Without any pictures, print the lines below from the one that has "Luxury Heart Shape" through the one that has "Batang homogen PQ", exactly and nothing else.

-- Material for the task --
**********

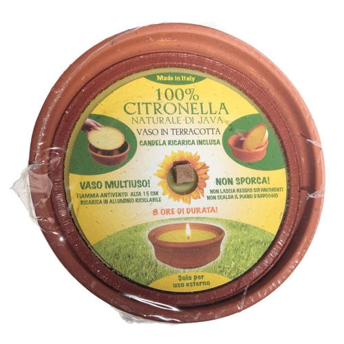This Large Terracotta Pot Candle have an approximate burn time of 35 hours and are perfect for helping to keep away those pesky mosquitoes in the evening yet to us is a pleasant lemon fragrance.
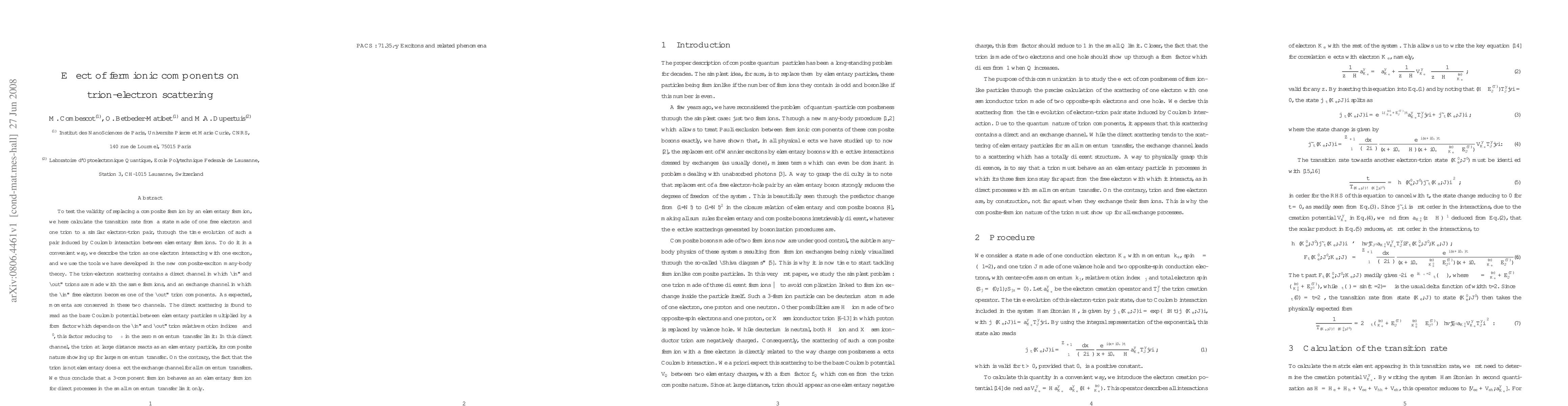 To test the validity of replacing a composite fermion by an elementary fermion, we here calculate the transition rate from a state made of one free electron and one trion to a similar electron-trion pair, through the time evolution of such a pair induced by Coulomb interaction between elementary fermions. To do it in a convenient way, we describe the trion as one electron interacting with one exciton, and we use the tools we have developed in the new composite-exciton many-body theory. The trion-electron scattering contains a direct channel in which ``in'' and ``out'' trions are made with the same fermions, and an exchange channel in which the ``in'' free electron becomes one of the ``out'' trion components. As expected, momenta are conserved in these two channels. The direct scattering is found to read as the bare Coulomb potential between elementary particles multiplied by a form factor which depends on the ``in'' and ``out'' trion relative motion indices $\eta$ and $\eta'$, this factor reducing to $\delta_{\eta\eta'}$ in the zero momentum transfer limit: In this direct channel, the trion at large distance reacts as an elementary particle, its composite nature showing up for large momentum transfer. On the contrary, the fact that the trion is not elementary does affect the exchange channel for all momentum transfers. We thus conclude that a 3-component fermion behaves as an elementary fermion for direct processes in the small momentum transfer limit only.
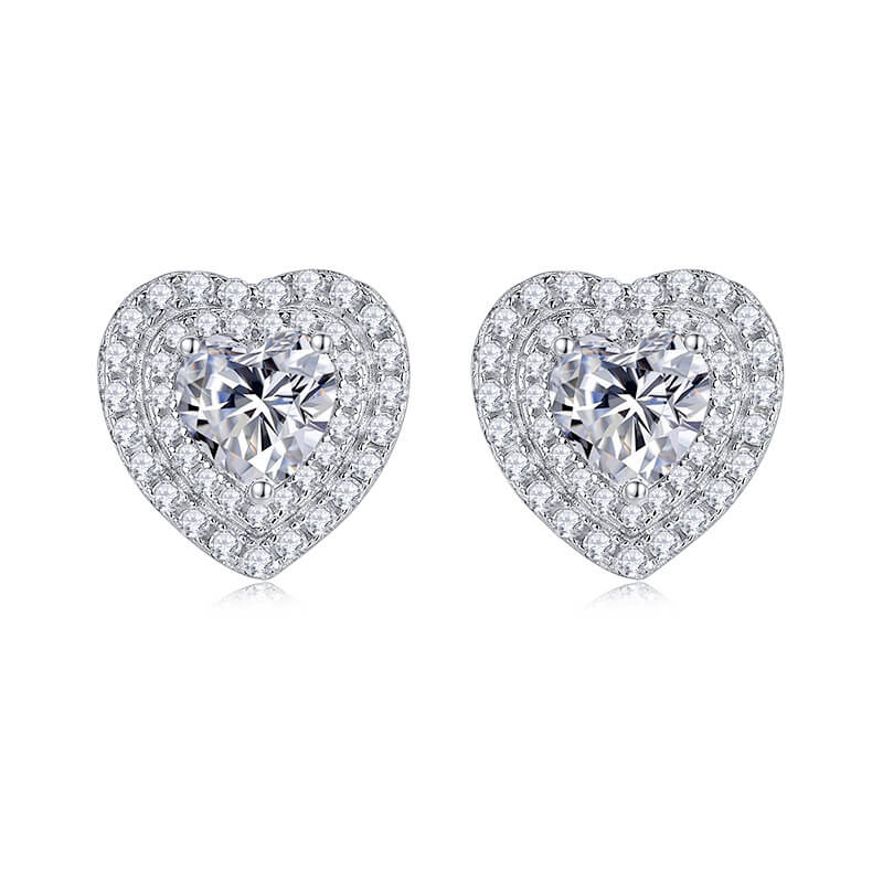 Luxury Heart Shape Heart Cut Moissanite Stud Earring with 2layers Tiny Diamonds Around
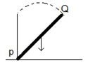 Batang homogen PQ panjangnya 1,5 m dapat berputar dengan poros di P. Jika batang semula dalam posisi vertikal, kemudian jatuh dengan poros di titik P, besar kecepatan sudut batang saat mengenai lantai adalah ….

**********

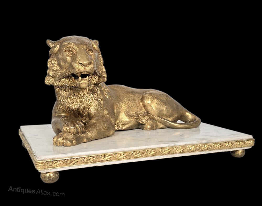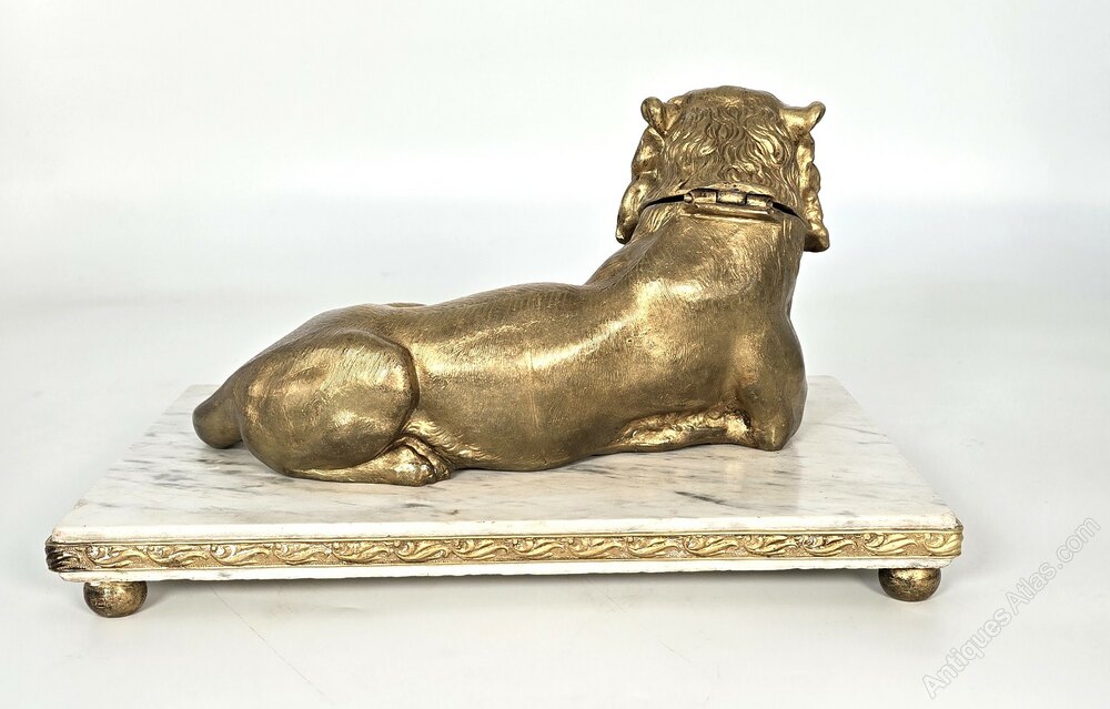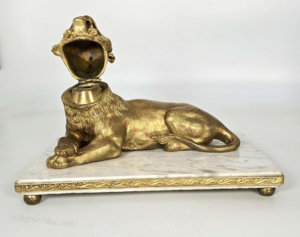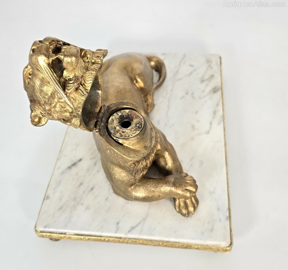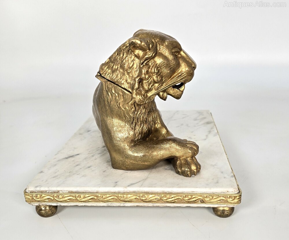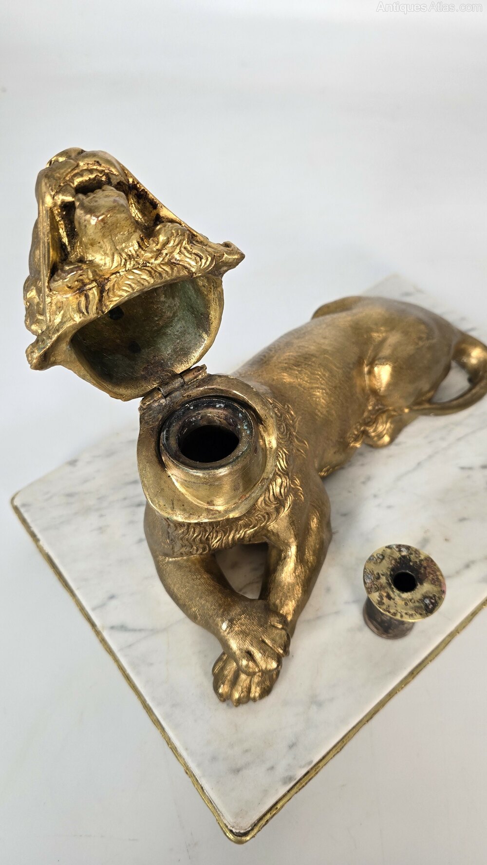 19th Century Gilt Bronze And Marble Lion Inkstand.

**********

-- Exercise result --
 Luxury Heart Shape Heart Cut Moissanite Stud Earring with 2layers Tiny Diamonds Around
 Batang homogen PQ panjangnya 1,5 m dapat berputar dengan poros di P. Jika batang semula dalam posisi vertikal, kemudian jatuh dengan poros di titik P, besar kecepatan sudut batang saat mengenai lantai adalah ….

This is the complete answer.